- **Exercise input**
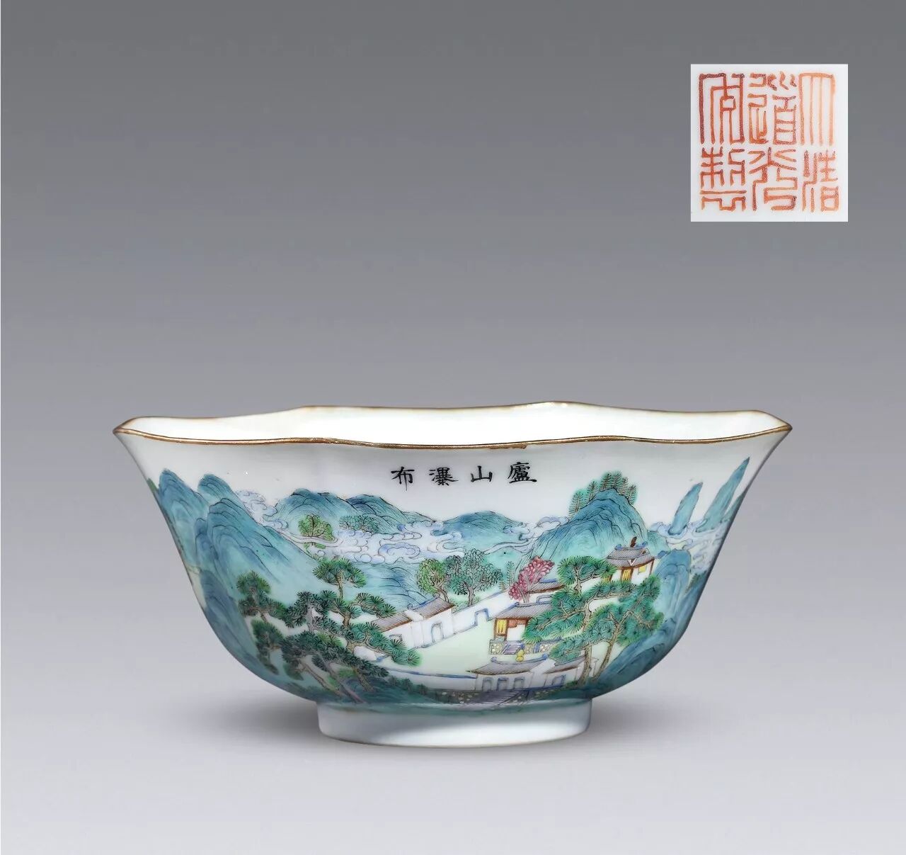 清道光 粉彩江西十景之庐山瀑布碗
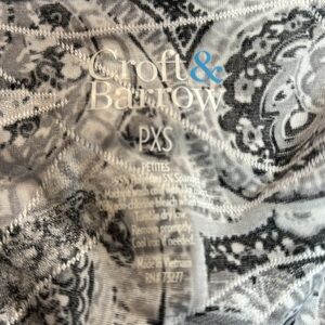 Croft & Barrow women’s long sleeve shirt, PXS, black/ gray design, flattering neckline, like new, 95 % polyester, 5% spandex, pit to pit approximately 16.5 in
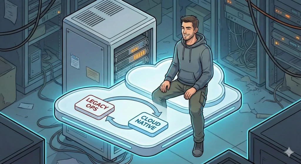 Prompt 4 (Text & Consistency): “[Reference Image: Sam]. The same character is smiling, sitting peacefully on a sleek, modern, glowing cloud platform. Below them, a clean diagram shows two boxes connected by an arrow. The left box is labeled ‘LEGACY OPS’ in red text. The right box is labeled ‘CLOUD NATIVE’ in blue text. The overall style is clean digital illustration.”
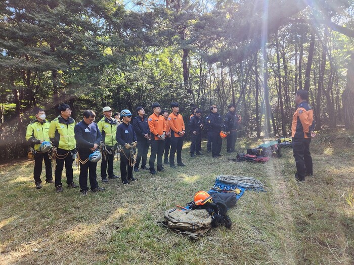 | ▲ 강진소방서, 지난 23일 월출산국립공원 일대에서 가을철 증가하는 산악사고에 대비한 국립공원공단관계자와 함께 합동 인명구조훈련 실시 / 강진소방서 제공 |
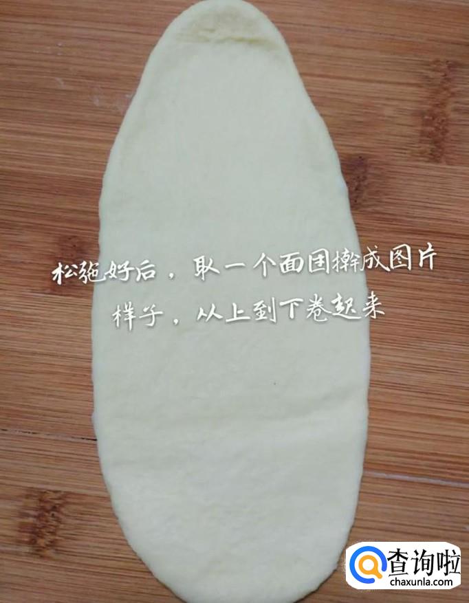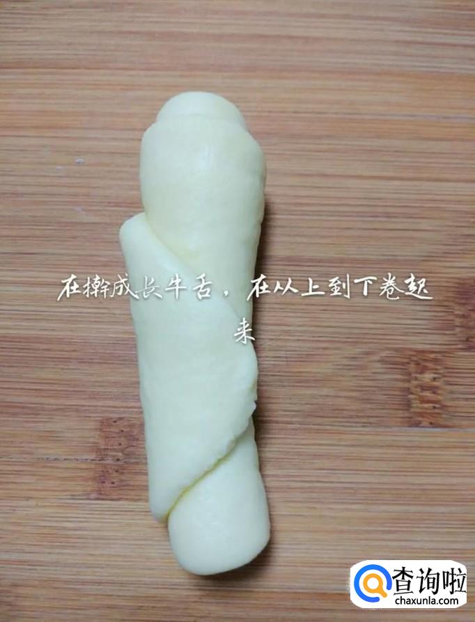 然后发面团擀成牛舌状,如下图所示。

==

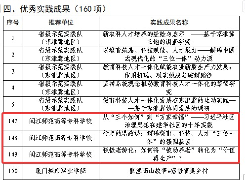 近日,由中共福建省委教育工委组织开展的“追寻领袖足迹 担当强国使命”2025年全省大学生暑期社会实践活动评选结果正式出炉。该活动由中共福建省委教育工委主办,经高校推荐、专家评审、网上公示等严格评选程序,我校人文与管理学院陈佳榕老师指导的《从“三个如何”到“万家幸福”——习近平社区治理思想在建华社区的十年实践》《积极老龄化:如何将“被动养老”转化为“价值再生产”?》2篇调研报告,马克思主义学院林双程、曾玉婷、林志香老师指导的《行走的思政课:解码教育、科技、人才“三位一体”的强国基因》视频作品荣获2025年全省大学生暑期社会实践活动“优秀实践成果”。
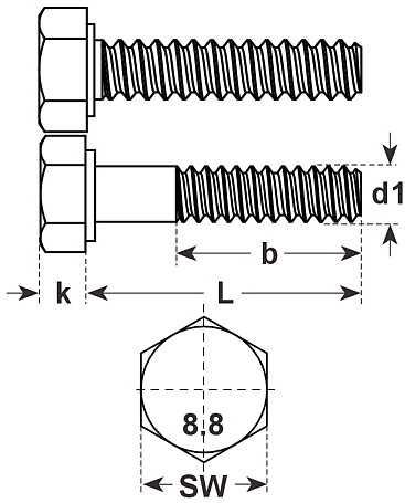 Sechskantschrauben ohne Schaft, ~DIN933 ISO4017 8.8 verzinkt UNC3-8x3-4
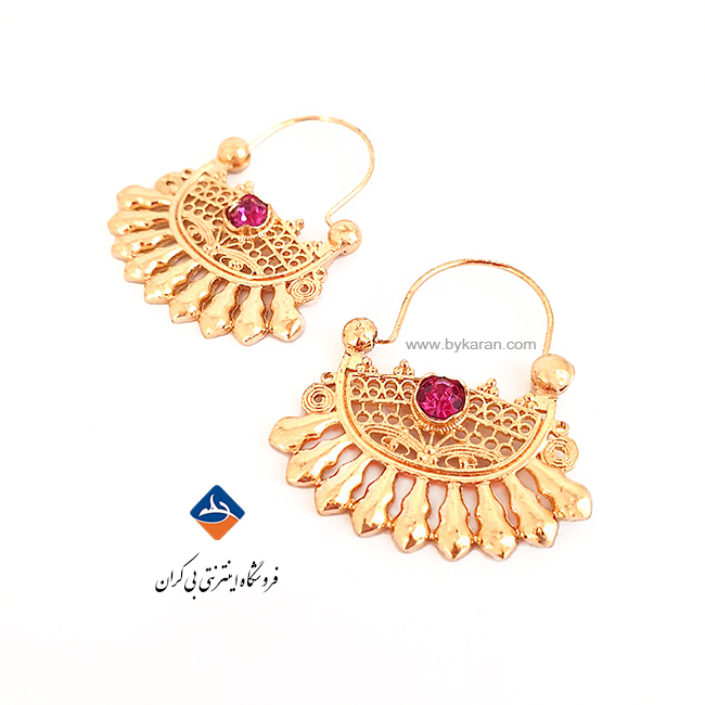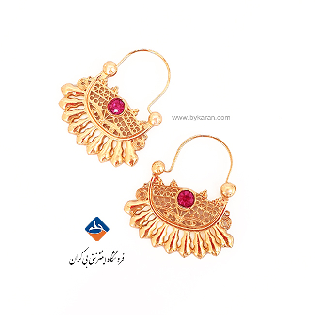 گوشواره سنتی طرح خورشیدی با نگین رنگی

- **Work task**
Using the entries above, extract exactly the lines from the one that contains "清道光 粉彩江西十景之庐山瀑布碗" through the one that contains "然后发面团擀成牛舌状,如下图所示。". Do not carry over any pictures.

- **Solution for this problem**
 清道光 粉彩江西十景之庐山瀑布碗
 Croft & Barrow women’s long sleeve shirt, PXS, black/ gray design, flattering neckline, like new, 95 % polyester, 5% spandex, pit to pit approximately 16.5 in
 Prompt 4 (Text & Consistency): “[Reference Image: Sam]. The same character is smiling, sitting peacefully on a sleek, modern, glowing cloud platform. Below them, a clean diagram shows two boxes connected by an arrow. The left box is labeled ‘LEGACY OPS’ in red text. The right box is labeled ‘CLOUD NATIVE’ in blue text. The overall style is clean digital illustration.”
 | ▲ 강진소방서, 지난 23일 월출산국립공원 일대에서 가을철 증가하는 산악사고에 대비한 국립공원공단관계자와 함께 합동 인명구조훈련 실시 / 강진소방서 제공 |
 然后发面团擀成牛舌状,如下图所示。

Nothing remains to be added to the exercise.